Craig, who has been married to the British actor Rachel Weisz for 10 years, added that he went to gay bars in his youth to meet single women.

The reaction online from the LGBTQ community was mixed.

Many cheered on Craig’s remarks, saying, “There’s room for everyone at our table.”

“If they’re allies and being respectful I don’t see an issue with it,” one user wrote on Twitter. “We don’t win support by telling straight people they aren’t welcome.”

But others said Craig and other straight people going to gay bars “comes at the expense” of LGBTQ spaces.

“If gay bars are *full* of straight people then they aren’t gay bars any more,” one user wrote on Twitter. “When I was figuring things out, the safety of two or three lesbian bars/clubs in London was so important to me. It felt safe because I knew the women there were there for the same reason as me.”

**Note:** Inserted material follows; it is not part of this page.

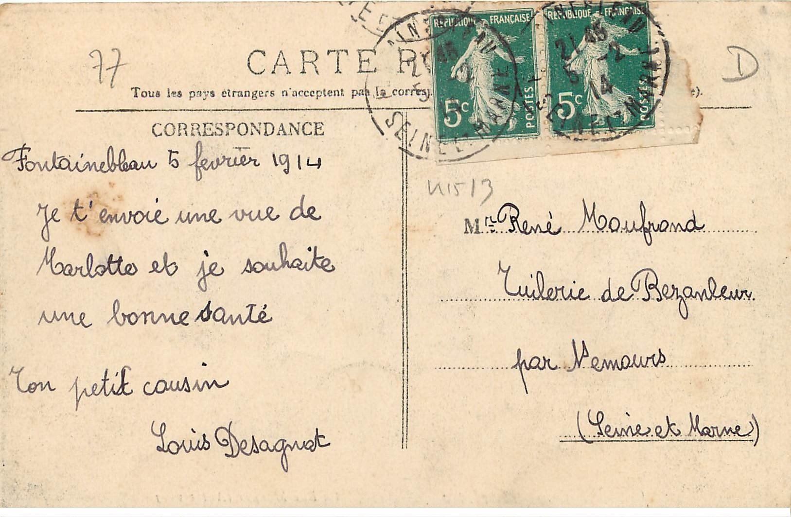 carte postale ancienne 77 MARLOTTE. La Rue Murger Boucherie Gere 1914 - Scanne et information sur demande. - les cartes postales vendues sur la boutique sont des orginales.Destinataire :
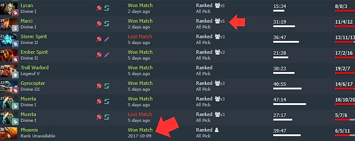 В среду 26 июня Головач нажал рекалибровку – на тот момент на его аккаунте было 4750 MMR. Однако пользователь с никнеймом ResistLife9685 обратил внимание, что все игры калибровки LenaGolovach провел в пати из пяти человек, и выложил пост на Reddit.

The debate over straight people’s place in gay and lesbian bars comes as masses of LGBTQ bars have closed over the last several decades.

From 2007 to 2019, 37 percent of the nation’s gay bars closed, according to a 2019 study by Greggor Mattson, an associate professor of sociology at Oberlin College. During that time, the number of lesbian bars declined by 52 percent and the number of bars serving LGBTQ people of color dropped 59 percent, the study found.

Mattson’s research additionally showed that the nation’s LGBTQ bars have been shutting their doors at higher rates over the last several years: From 2017 to 2019, 14 percent of LGBTQ bars closed.

The loss is much greater to the LGBTQ community than many may think, Mattson said.

“Unlike other communities that have churches as their primary organizing spot, or have food places, we have bars,” he said. “In many parts of the country … it’s only in the local gay bar where you can find a gender-inclusive restroom or a bulletin board where LGBTQ+ business owners are advertising their services or a bartender who can direct you to a place to apply for an LGBTQ+ friendly job.”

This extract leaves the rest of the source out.